Find all functions $f$ such that $f:\mathbb{N}\rightarrow\ \mathbb{N}$ and $f(f(n))+f(n+1)=n+2$
Let us plug in $n=1$
$f(f(1))+f(2)=3$
Since the function is from $\mathbb{N}$ to $\mathbb{N}$, $f(2)$ can only take the values $1,2$. Now we divide the problem into cases.
Case-1: $f(f(1))=2,f(2)=1$
We can assume that $f(1)=c$ for the time being. Then plugging in $n=3$ and using $f(2)=1$ gives $$f(3)=4-c$$ and again since the range of the function is positive integers,then $4-c$ has to be positive and hence $c$ belongs to {$1,2,3$}. Now, $$f(1)=c$$$$\implies f(f(1))=f(c)$$$$\implies 2=f(c)$$ by the assumption that $f(f(1))=2$ . Now,since $c$ can only take the values $1,2,3$,we start treating cases. If $c=1$,$$f(c)=2$$$$\implies f(1)=2$$ but we know from the deinition of $c$ that $f(1)=c=1$,a contradiction.If $c=2$,then $2=f(c)=f(2)$ but $f(2)=1$ by assumption. Finally,if $c=3$ $$2=f(c)=f(3)$$ but $$f(3)=4-c=4-3=1$$ which is once again a contradiction. Therefore there are no such functions in this case.

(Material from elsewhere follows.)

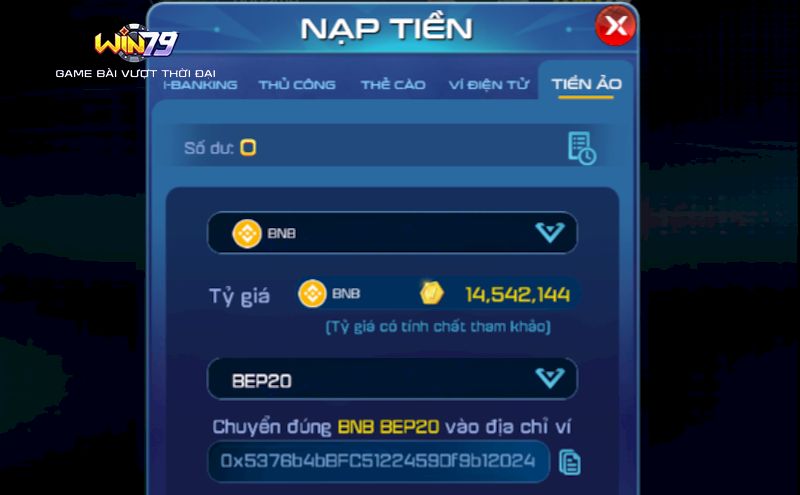 Tiền ảo đang ngày càng trở thành một phương thức thanh toán phổ biến, đặc biệt với những hội viên sử dụng các loại tiền điện tử như BNB, KDG, ETH hoặc USDT. Win79 hỗ trợ hình thức nạp tiền qua tiền ảo với tỷ giá cập nhật và an toàn.Bước 1: Chọn loại tiền ảoHiện tại, hội viên có thể nạp tiền vào Win79 thông qua địa chỉ mà cổng game cung cấp. Tỷ giá tiền điện tử này sẽ được hiển thị trực tiếp tại thời điểm nạp, giúp bet thủ theo dõi và lựa chọn thời điểm phù hợp để thực hiện giao dịch.Bước 2: Thực hiện gửi tiền vào- Win79 cung cấp địa chỉ ví tiền ảo cho từng lần nạp riêng biệt. Người chơi cần chuyển đúng địa chỉ ví được hiển thị để giao dịch thành công.
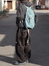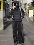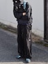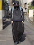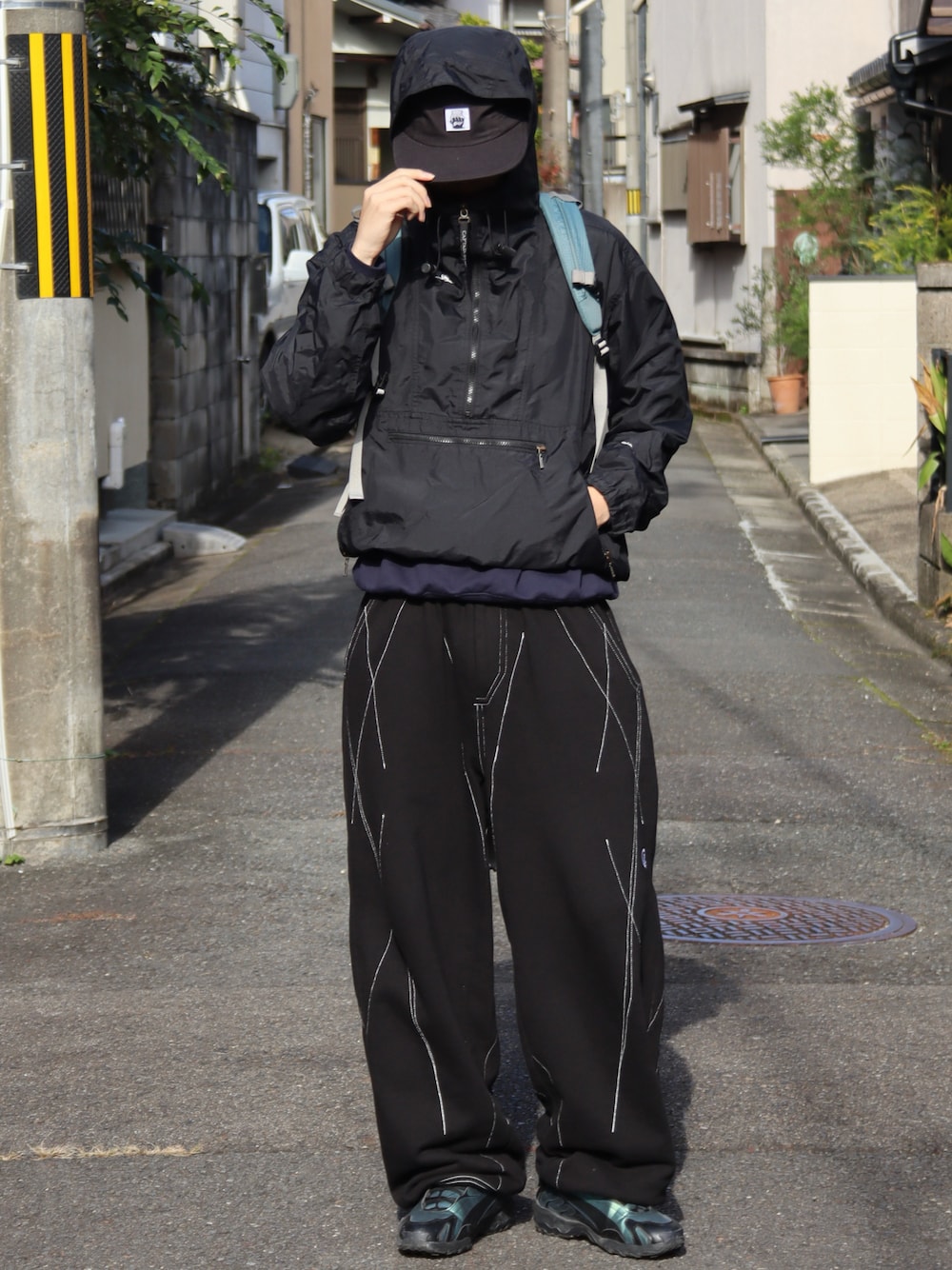 オールブラックをベースにブルー系の差し色をいれたゴープコアコーデ 同じ黒でも素材を変えて野暮ったくならないように◎ ゴープコアスタイルはアウトドアアイテムで固め過ぎないことで街に馴染むコーデになります🛝

Case-2: $f(f(1))=1,f(2)=2$
Again assuming $f(1)=c$ and using $f(n)\le n$ along with plugging $n=c-1$ will give us that $f(1)=1$ and then it is easy to prove that such a function exists by recursion. I can only give a "sort of recursive" way to define the function. Here it goes $$f:\mathbb{N}\rightarrow \mathbb{N}$$$$f(1)=1$$$$f(n)=n+1-f(f(n-1))$$
But this case is harder to deal with.Some help will be appreciated.

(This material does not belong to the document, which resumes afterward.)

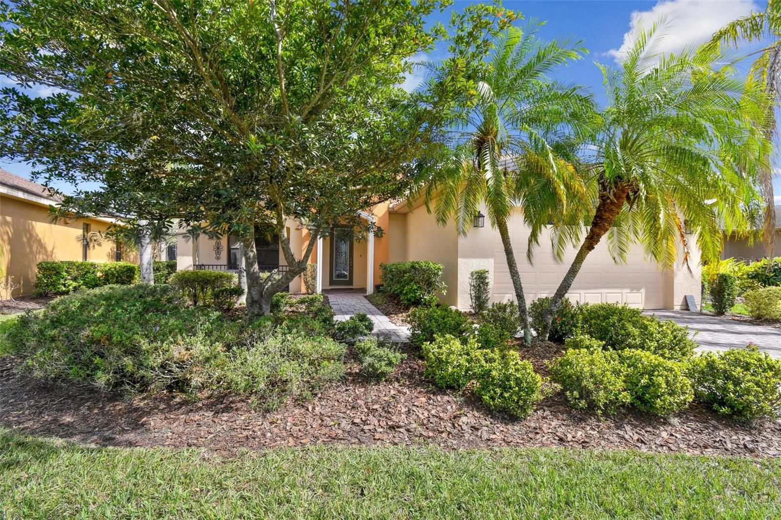 Welcome to this stunning Bonita Springs model in the desirable quiet Vizcaya subdivision of Solivita, offering picturesque water views that will take your breath away. Step through the elegant leaded glass front door into a spacious living and dining area adorned with beautiful tile flooring. The moment you enter, you'll be captivated by the AMAZING VIEWS of the serene water. This home has been thoughtfully upgraded, featuring ceramic tile throughout the main living areas, with cozy carpet in the bedrooms and den. Additional upgrades include 8' doors, rounded drywall corners, and 5 1/4" baseboards throughout, adding a touch of sophistication. The double pane windows and sliders enhance the home's energy efficiency and provide a quiet, peaceful retreat. The den, with its charming French doors, offers the flexibility to be used as a guest room or home office.The chef’s kitchen boasts Corian countertops, 42" upper cabinets with crown molding, pull-out drawers, and 2 Lazy Susans for optimal storage. Recessed lighting highlights the beautiful design, while the stainless steel appliances complete this gourmet space. The spacious owner's suite offers a large walk-in closet, and the adjoining bathroom is a perfect retreat, featuring a generous shower, a single vanity, and an additional makeup area. A door from the bathroom leads directly to the lanai for easy outdoor access. Enjoy the covered and screened lanai, where you can relax and soak in the direct views of the tranquil pond. Additionally, the two-car garage offers ample storage space, providing plenty of room for all your needs. This home combines comfort, style, and luxury, making it the perfect place to call your own. Don't miss the opportunity to see it in person—schedule your tour today! This property offers an unparalleled lifestyle. Solivita is a gated and guard-monitored 55+ master-planned community situated on 4,300 acres and boasts 150,000 square feet of resort-style amenities such as golf, 2 - 18 hole Golf courses, 2 state-of-the-art fitness centers, and various dining options. Residents can also enjoy 14 heated pools, amenity complexes, neighborhood centers, pickleball, tennis, bocce, and shuffleboard courts, along with miles of walking and bike paths. Over 200 Clubs, with Art, Education and cultural classes for you to enjoy! Join the "Solivita Family" and make this home your home today! Just outside of Solivita is the new Poinciana Lakes shopping center with Outback, First Watch, Sprouts Market, Ross, Burlington, Bojangles, Sage Dental, TD bank, 5 below, Petco and many more.

This answer doesn't attempt to solve following functional equation from first principle.
$$f(n+1) + f(f(n)) = n+2,\quad\text{ for } n \ge 1\tag{*1}$$
Instead, it verify the function $\left\lceil \frac{n}{\phi}\right\rceil$ appeared in OEIS A019446 is a solution of $(*1)$.

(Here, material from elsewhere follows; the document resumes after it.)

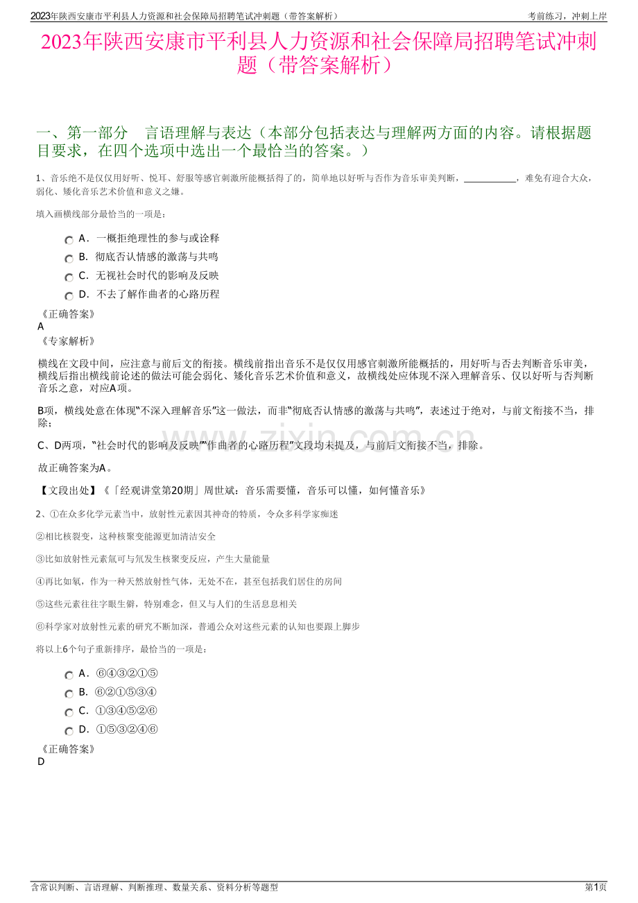 2023年陕西安康市平利县人力资源和社会保障局招聘笔试冲刺题(带答案解析)一、第一部分言语理解与表达(本部分包括表达与理解两方面的内容。请根据题目要求,在四个选项中选出一个最恰当的答案。)1、音乐绝不是仅仅用好听、悦耳、舒服等感官刺激所能概括得了的,简单地以好听与否作为音乐审美判断,难免有迎合大众,弱化、矮化音乐艺术价值和意义之嫌。填入画横线部分最恰当的一项是:A一概拒绝理性的参与或诠释 B彻底否认情感的激荡与共鸣 C无视社会时代的影响及反映 D不去了解作曲者的心路历程正确答案A专家解析横线在文段中间,应注意与前后文的衔接。横线前指出音乐不是仅仅用感官刺激所能概括的,用好听与否去判断音乐审美,横线后指出横线前论述的做法可能会弱化、矮化音乐艺术价值和意义,故横线处应体现不深入理解音乐、仅以好听与否判断音乐之意,对应A项。B项,横线处意在体现“不深入理解音乐”这一做法,而非“彻底否认情感的激荡与共鸣”,表述过于绝对,与前文衔接不当,排除;C、D两项,“社会时代的影响及反映”“作曲者的心路历程”文段均未提及,与前后文衔接不当,排除。故正确答案为A。【文段出处】经观讲堂第20期周世斌:音乐需要懂,音乐可以懂,如何懂音乐2、在众多化学元素当中,放射性元素因其神奇的特质,令众多科学家痴迷相比核裂变,这种核聚变能源更加清洁安全比如放射性元素氚可与氘发生核聚变反应,产生大量能量再比如氡,作为一种天然放射性气体,无处不在,甚至包括我们居住的房间这些元素往往字眼生僻,特别难念,但又与人们的生活息息相关科学家对放射性元素的研究不断加深,普通公众对这些元素的认知也要跟上脚步将以上6个句子重新排序,最恰当的一项是:A B C D正确答案D2023年陕西安康市平利县人力资源和社会保障局招聘笔试冲刺题(带答案解析)考前练习,冲刺上岸含常识判断、言语理解、判断推理、数量关系、资料分析等题型第1页专家解析对比选项,确定首句。首句分别为句和句,句指出在众多化学元素当中,放射性元素令众多科学家痴迷,引出“放射性元素”的话题,句指出科学家不断加深对放射性元素的研究,即科学家在“放射性元素”方面做出的努力,按照行文逻辑,应先引出话题之后再具体展开,故句应在句之前,句适合作首句,排除A、B两项。继续观察文段,句出现指代词“这种”,观察选项,句前分别是句和句,句提出放射性元素氚可与氘发生核聚变反应,涉及到“这种核聚变能源”内容,两句可以构成指代词捆绑。句指出一些元素与人们的生活息息相关,与“这种核聚变能源”无关,无法与句构成捆绑,排除C项。故正确答案为D。【文段出处】第九十九号元素锿基本化学性质首次揭示3、我国宏观调控体系伴随社会主义市场经济体制改革的全面深化不断创新、完善。随着大数据、云计算、人工智能、区块链等加速创新,数字技术日益融入经济社会发展各领域全过程。数字技术不仅是数字经济发展的支撑,而且是辅助经济治理的基础。宏观经济是一个不可中断的连续进程,作为关键生产要素的数据也是动态的、系统化的,以不间断的“流”的形式存在。发挥数字技术在宏观经济治理中的作用,是创新和完善调控的重要任务,是提高调控前瞻性、针对性、有效性的重要条件。这段文字是一篇文章的引言,接下去作者最可能讲述的是:A如何运用数字技术创新完善宏观调控 B如何完善宏观经济治理推动社会发展 C如何深度挖掘宏观经济数据资源 D如何让数字文明助力新发展格局正确答案A专家解析本题为接语选择题,需通读全文,重点把握文段核心话题。文段开篇引出话题,即宏观调控体系在不断创新、完善。随后提出数字技术对于经济治理的重要作用,并提出宏观经济与数据均是动态的形式存在。尾句提出数字技术对于宏观调控的重要作用。根据话题一致原则,文段接下来最可能围绕“数字技术”和“宏观调控”展开论述,介绍如何通过数字技术创新和完善宏观调控,对应A项。B、C、D三项,均未提及文段核心话题“数字技术”,与前文无法衔接,排除。故正确答案为A。【文段出处】善用数字技术创新宏观调控4、随着科技的发展,武器装备的智能化水平在不断提高,其对导航定位卫星的依赖程度也在不断提高,如果没有自己的导航卫星系统,在紧急情况下,一旦拥有导航定位卫星系统的国家关闭系统,性能再高的武器装备也无法发挥效能。比如,美国的GPS导航系统能够放出高精度的信号,也可以在必要时有选择地屏蔽信号,瘫痪对方的军事调动和高性能武器。华尔街日报就曾说过,如果发生冲突或紧急情况,“美国可能会断开GPS网络”。这段文字意在说明()。A 武器装备智能化的前提下,对导航定位卫星的依赖程度越来越高 B 建立独立的卫星导航系统,是避免在突发战争中受制于人,保证国家安全的命脉 C 在现代战争条件下,可靠的导航体系,是实现多兵种、跨地域协同作战的必要条件 D 美国的GPS导航系统占据着全球导航应用市场的绝对份额正确答案B专家解析文段首先介绍了“武器装备智能化的前提下,对导航定位卫星的依赖程度越来越高”的背景,接着提出论述重点“如果国家没有独立的卫星导航系统,将在突发战争中受制于人”,并以美国的GPS导航系统为例展开论证。因此B项正确。5、在生命科学领

For any fixed $n \ge 1$, since $\phi$ is irrational, there exists 3 numbers $\epsilon_1,\epsilon_2,\epsilon_3 \in (0,1)$ such that: $$ \left\lceil \frac{n+1}{\phi} \right\rceil = \frac{n+1}{\phi} + \epsilon_1, \quad \left\lceil \frac{n}{\phi} \right\rceil = \frac{n}{\phi} + \epsilon_2, \quad\text{ and }\quad \left\lceil\frac{1}{\phi}\left\lceil \frac{n}{\phi} \right\rceil\right\rceil = \frac{1}{\phi}\left\lceil \frac{n}{\phi} \right\rceil + \epsilon_3 $$
Substitute this into $(*1)$, this is equivalent to showing:
$$\left( \frac{n+1}{\phi} + \epsilon_1 \right) + \frac{1}{\phi}\left(\frac{n}{\phi} + \epsilon_2\right) + \epsilon_3 \stackrel{?}{=} n + 2 \iff ( \frac{1}{\phi} + \epsilon_1 ) + \frac{\epsilon_2}{\phi} + \epsilon_3 \stackrel{?}{=} 2 $$ There are two possible cases:
$$\frac{n+1}{\phi} > \left\lceil\frac{n}{\phi}\right\rceil \implies \frac{1}{\phi} + \epsilon_1 = \epsilon_2 + 1 \implies \left( \frac{1}{\phi} + \epsilon_1 \right) + \frac{\epsilon_2}{\phi} = \phi \epsilon_2 + 1 \in (1,2) $$
In both cases, since $\epsilon_3 \in (0,1)$, we have $$\left( \frac{1}{\phi} + \epsilon_1 \right) + \frac{\epsilon_2}{\phi} \in [1,2) \implies \left( \frac{1}{\phi} + \epsilon_1 \right) + \frac{\epsilon_2}{\phi} + \epsilon_3 \in (1,3) $$ Since by construction, the LHS of this expression is an integer, it has to be $2$ and hence $(*1)$ is satisfied.